It might be tentatively inferred then that, provided there are only a few CTG triplets in a particular C.albicans gene, it could be overexpressed in an heterologous host as is, without subsequent loss of protein function due to leucine replacing serine. This has implications for structural genomics initiatives involving C.albicans proteins given that there is an urgent need to identify new drug targets in this pathogen (Sternberg, 1994
). Additional mutagenesis steps are time consuming, as illustrated in work on the industrially important lipase from Candida rugosa, a species of Candida in which alternative CUG translation is common. In the lip1 gene, 20 out of 47 serines are derived from CUG triplets, including the active site serine, so not surprisingly the heterologous expression of lip1 in S.cerevisiae produced an inactive lipase (Brocca et al., 1998
). In order to produce fully functional recombinant protein from a yeast host, the modified gene containing universal codons for all of the 20 serines was completely synthesized. Although it was recognized that not all of these substitutions appeared necessary, it was clearly not worth the effort of identifying and selectively modifying by mutagenesis a subset of `vital' CUG codons.

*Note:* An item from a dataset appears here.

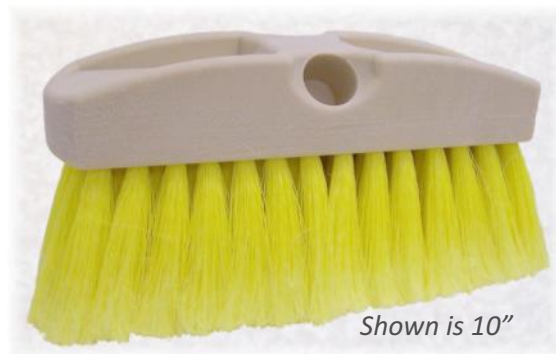
Shown is 10"

With it's thick, fluffy fibres, this is the best "All Purpose Brush"

As far as the C.albicans Exg is concerned, it would seem that there is no obvious selection advantage to the organism at the protein level in having the two serines instead of leucines. Possibly protein stability is marginally improved or perhaps a serine at position 64 is more conducive to favourable interactions within the cell wall environment. It seems more likely, however, that the codon ambiguity in C.albicans has provided a mechanism for adaptation through activation of the stress response as proposed by Santos et al. (1999).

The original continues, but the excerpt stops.